0

I was coding a little PHP script that find how much two strings are similar, in percent.

I have this code. If you try to invert the position of the two variable, as seen in figure, the result is different.

<?php 
$var_1 = 'PHP IS GREAT'; 
$var_2 = 'WITH MYSQL'; 

$var_1 = trim(strtolower ( $var_1 ));
$var_2 = trim(strtolower ( $var_2 ));

similar_text($var_1, $var_2, $percent); 

echo $percent; 
// 27.272727272727 

similar_text($var_2, $var_1, $percent); 

echo $percent; 
// 18.181818181818 
?>

Can someone tips me a better PHP function or explain why the two results are different?

Jonathan Besomi
  • 322
  • 2
  • 8

3 Answers3

1

Use levenshtein():

$var_1 = 'PHP IS GREAT';
$var_2 = 'WITH MYSQL';
var_dump(levenshtein($var_1, $var_2));
var_dump(levenshtein($var_2, $var_1));

Output:

int(11)
int(11)
hek2mgl
  • 152,036
  • 28
  • 249
  • 266
0

It would indeed seem the function uses different logic depending of the parameter order.

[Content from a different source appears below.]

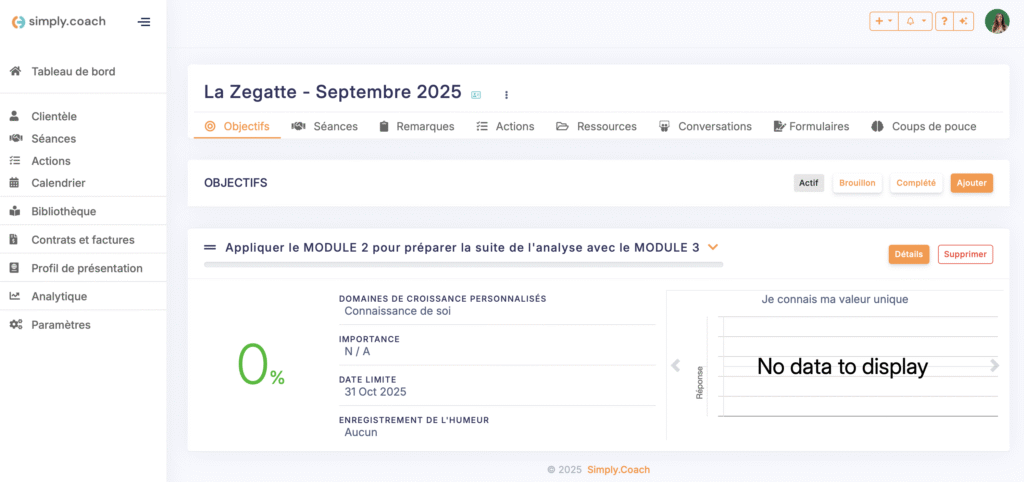 En rejoignant la formation digitale Shar-e, vous bénéficiez d’un accès complet à SimplyCoach, une plateforme intuitive et interactive qui centralise tous les contenus de formation. Vous pourrez suivre les modules à votre rythme, revoir les vidéos, consulter les supports et avancer selon votre emploi du temps, tout en gardant une expérience fluide et structurée.

I think there are two things at play.

First, see this example:

echo similar_text('test','wert'); // 1
echo similar_text('wert','test'); // 2

It seems to be that it is testing "how many times any distinct char on param1 is found in param2", and thus result would be different if you swap the params around. It has been reported as a bug, which hasn't been confirmed by anyone.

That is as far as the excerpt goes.